As shown in the figure above, we see a total of 34,948 PVs.
4. Grouping PVs
Typically, a log may contain several days of PV data. To obtain more intuitive data, it is sometimes necessary to group by day. To simplify this problem, let’s first check which days of logs are present.
Using awk '{print $4}' access.log | less can yield the following results. Awk is a domain-specific language for text processing. This involves the concept of a Domain Specific Language (DSL), which is a language designed specifically for a particular domain. For example, awk is a DSL for analyzing and processing text, HTML is a DSL for describing web pages, and SQL is a DSL for querying data…
We can see that we use $4 to represent the fourth column of the text, which is the column containing the time, as shown in the figure below:

To count by day, we can utilize awk’s string manipulation capabilities.

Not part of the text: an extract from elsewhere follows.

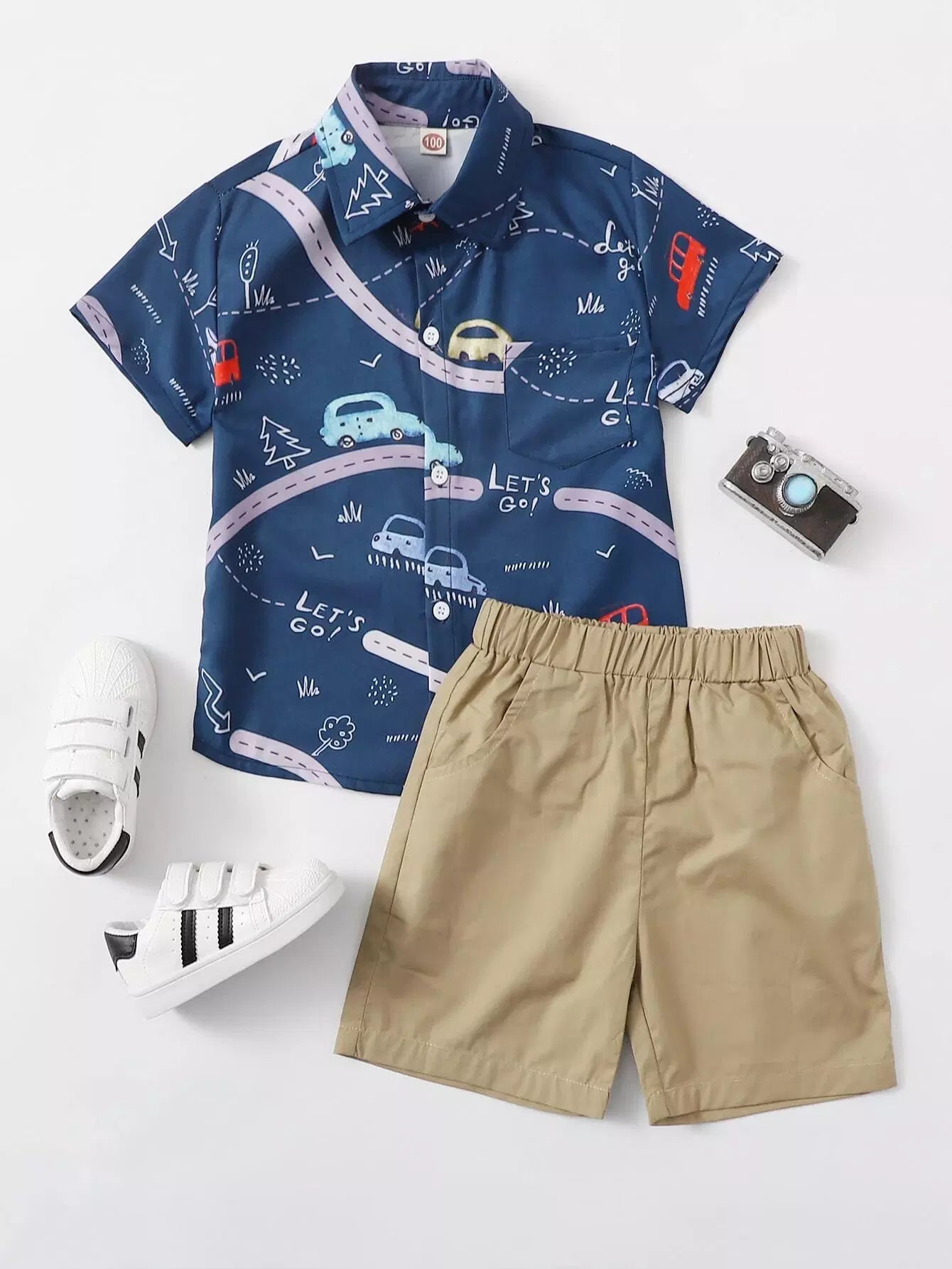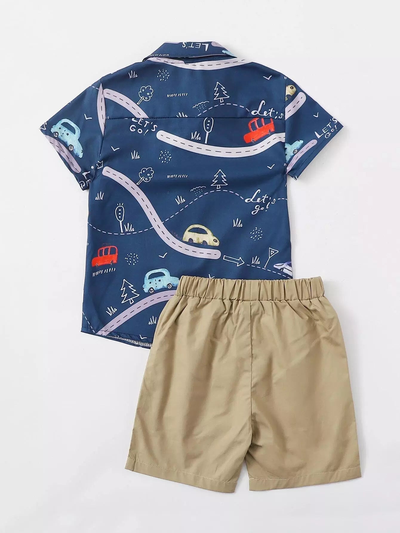 Toddler Boys Car & Slogan Graphic Shirt & Shorts

In the figure above, we use awk’s substr function, where the number 2 indicates starting from the second character, and the number 11 indicates extracting 11 characters.
Next, we can group and count the number of log entries per day.
awk '{print substr($4,2,11)}' access.log | sort | uniq -c

In the figure above, we use sort for sorting, and then uniq -c for counting. You can see the logs from different dates, and the daily PV count is generally between dozens to hundreds.
5. Analyzing UV
Next, we analyze UV. UV (Unique Visitor) refers to counting the number of visitors. Identifying users can be complex, but we can approximate UV using IP access.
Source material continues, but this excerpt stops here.